● PROBLEM TO SOLVE
Required from the data below: the exact lines starting at the line containing "Сетевое зарядное устройство" and ending at the line containing "Designed for comfort, our", with both ends kept and all pictures dropped.

● DATA
-*-
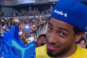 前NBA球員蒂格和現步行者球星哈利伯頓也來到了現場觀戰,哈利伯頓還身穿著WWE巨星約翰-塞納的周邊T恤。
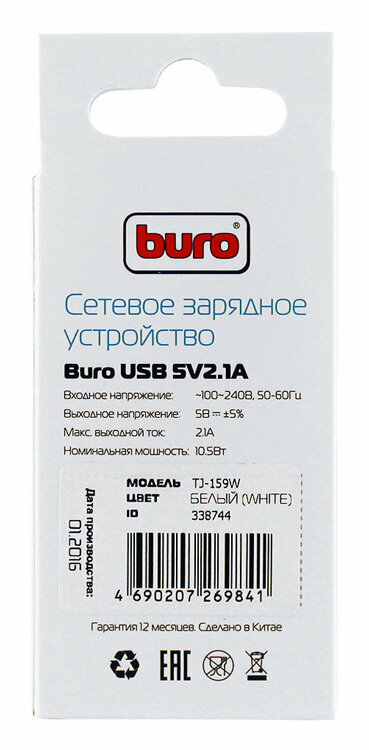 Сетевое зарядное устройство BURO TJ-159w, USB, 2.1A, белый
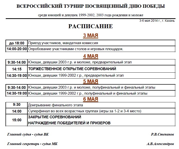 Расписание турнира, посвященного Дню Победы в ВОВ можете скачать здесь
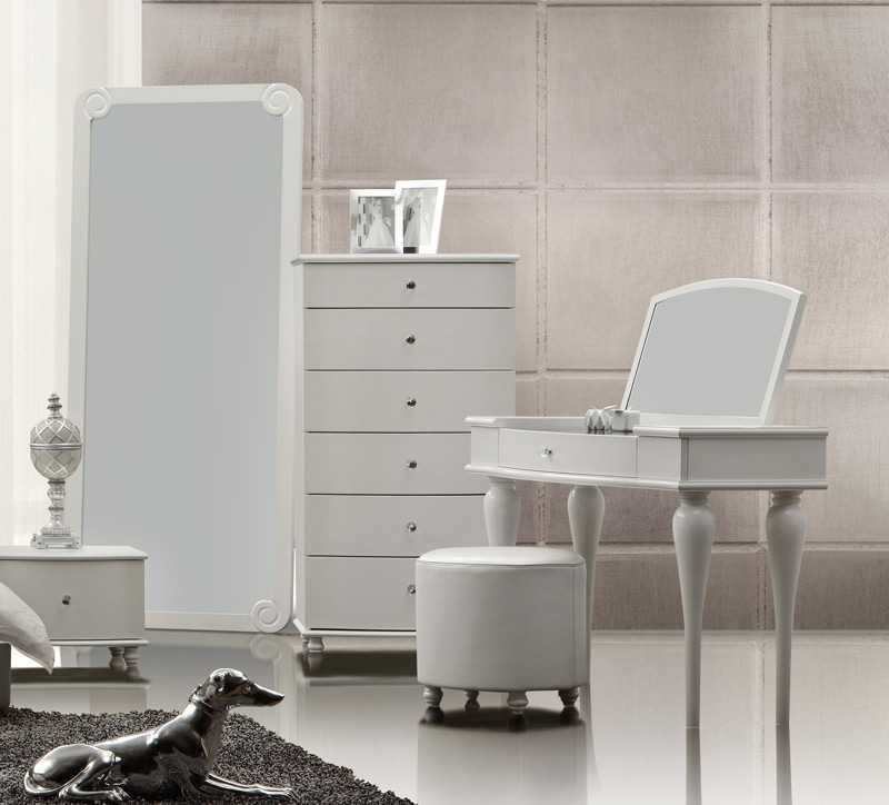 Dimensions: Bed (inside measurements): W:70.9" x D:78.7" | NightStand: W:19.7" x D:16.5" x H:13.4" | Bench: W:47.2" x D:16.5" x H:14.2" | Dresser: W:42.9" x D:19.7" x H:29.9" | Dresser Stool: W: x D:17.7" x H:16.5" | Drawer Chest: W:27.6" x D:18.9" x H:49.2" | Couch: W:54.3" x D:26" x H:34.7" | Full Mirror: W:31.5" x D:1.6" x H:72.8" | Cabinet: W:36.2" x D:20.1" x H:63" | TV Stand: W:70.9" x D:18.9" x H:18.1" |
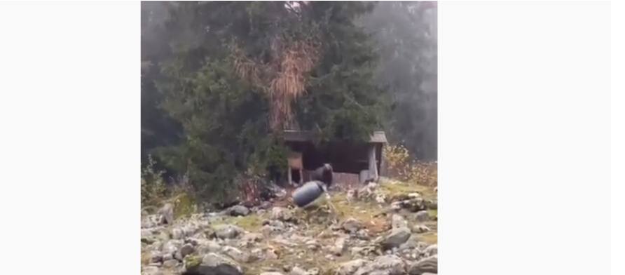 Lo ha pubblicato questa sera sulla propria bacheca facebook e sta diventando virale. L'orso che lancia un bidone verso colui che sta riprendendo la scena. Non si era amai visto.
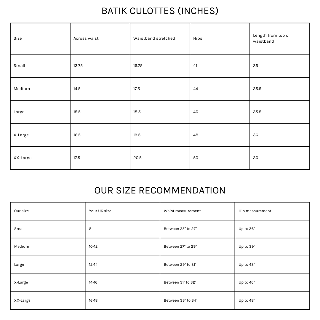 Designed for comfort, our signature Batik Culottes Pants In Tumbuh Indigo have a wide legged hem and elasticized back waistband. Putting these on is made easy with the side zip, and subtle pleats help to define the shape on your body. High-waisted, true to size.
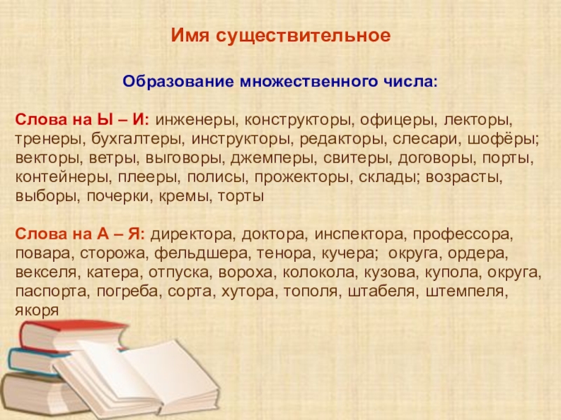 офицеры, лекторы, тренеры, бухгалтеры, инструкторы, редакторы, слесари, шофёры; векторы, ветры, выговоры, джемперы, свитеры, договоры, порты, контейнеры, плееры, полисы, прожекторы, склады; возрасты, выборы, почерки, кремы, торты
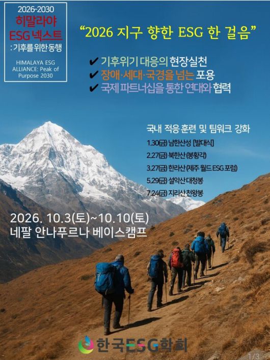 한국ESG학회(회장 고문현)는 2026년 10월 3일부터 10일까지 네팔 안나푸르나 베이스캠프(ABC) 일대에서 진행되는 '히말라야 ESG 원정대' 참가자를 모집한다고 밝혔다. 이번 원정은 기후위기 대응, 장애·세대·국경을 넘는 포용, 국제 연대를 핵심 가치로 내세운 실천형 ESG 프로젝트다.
-*-
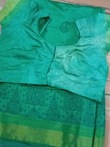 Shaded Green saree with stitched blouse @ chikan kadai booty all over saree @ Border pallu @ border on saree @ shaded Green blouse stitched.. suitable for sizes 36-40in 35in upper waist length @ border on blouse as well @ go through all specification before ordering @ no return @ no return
-*-
● ANSWER SECTION
 Сетевое зарядное устройство BURO TJ-159w, USB, 2.1A, белый
 Расписание турнира, посвященного Дню Победы в ВОВ можете скачать здесь
 Dimensions: Bed (inside measurements): W:70.9" x D:78.7" | NightStand: W:19.7" x D:16.5" x H:13.4" | Bench: W:47.2" x D:16.5" x H:14.2" | Dresser: W:42.9" x D:19.7" x H:29.9" | Dresser Stool: W: x D:17.7" x H:16.5" | Drawer Chest: W:27.6" x D:18.9" x H:49.2" | Couch: W:54.3" x D:26" x H:34.7" | Full Mirror: W:31.5" x D:1.6" x H:72.8" | Cabinet: W:36.2" x D:20.1" x H:63" | TV Stand: W:70.9" x D:18.9" x H:18.1" |
 Lo ha pubblicato questa sera sulla propria bacheca facebook e sta diventando virale. L'orso che lancia un bidone verso colui che sta riprendendo la scena. Non si era amai visto.
 Designed for comfort, our signature Batik Culottes Pants In Tumbuh Indigo have a wide legged hem and elasticized back waistband. Putting these on is made easy with the side zip, and subtle pleats help to define the shape on your body. High-waisted, true to size.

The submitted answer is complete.